Personal information
- Born: June 16, 2006 (age 20) Lansing, Michigan, U.S.

Gymnastics career
- Discipline: Men's artistic gymnastics
- Country represented: United States; (2026–present);
- College team: Stanford Cardinal (2025–present)
- Head coach: Thom Glielmi
- Assistant coach: Rubén López
- Medal record
Representing Stanford Cardinal
NCAA Championships
| Gold medal – first place | 2026 Champaign | Team |
| Gold medal – first place | 2026 Champaign | Floor |

= Cooper Kim =

American gymnast

Cooper Kim (born June 16, 2006) is an American gymnast. He is a member of the Stanford Cardinal men's gymnastics and United States men's national artistic gymnastics teams. He is the 2026 U.S. National Gymnastics Championships horizontal bar champion.
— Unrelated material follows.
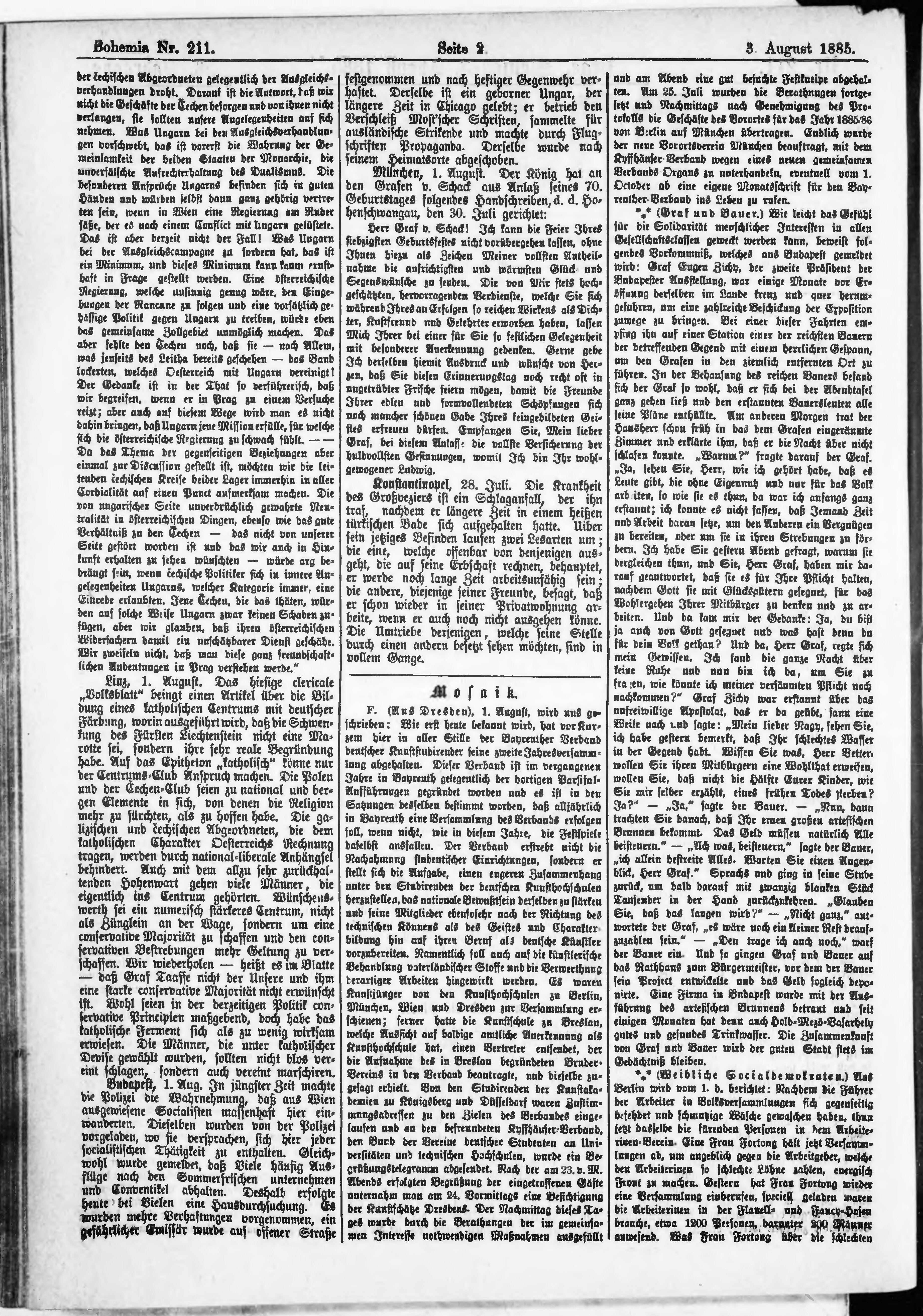 * Datum vydání výtisku: 3.8.1885 Číslo výtisku: 211

==Early life and education==
Kim was a highly rated youth gymnast from central Michigan, drawing comparisons in rankings to Jordyn Wieber. He attended Grand Ledge High School in Grand Ledge, Michigan, where he was a top scholar. He later enrolled at Stanford University to pursue gymnastics.

==Gymnastics career==
While at Stanford, Kim was a member of the Stanford Cardinal men's gymnastics team starting in 2025. He was the 2026 NCAA men's gymnastics championship winner on the floor exercise while Stanford won the team title.

In August 2026, Kim won the horizontal bar event title at the 2026 U.S. National Gymnastics Championships. He was later selected as a non-travelling alternate for the 2026 World Artistic Gymnastics Championships team.

==Personal life==
Kim publicly came out as gay in 2026.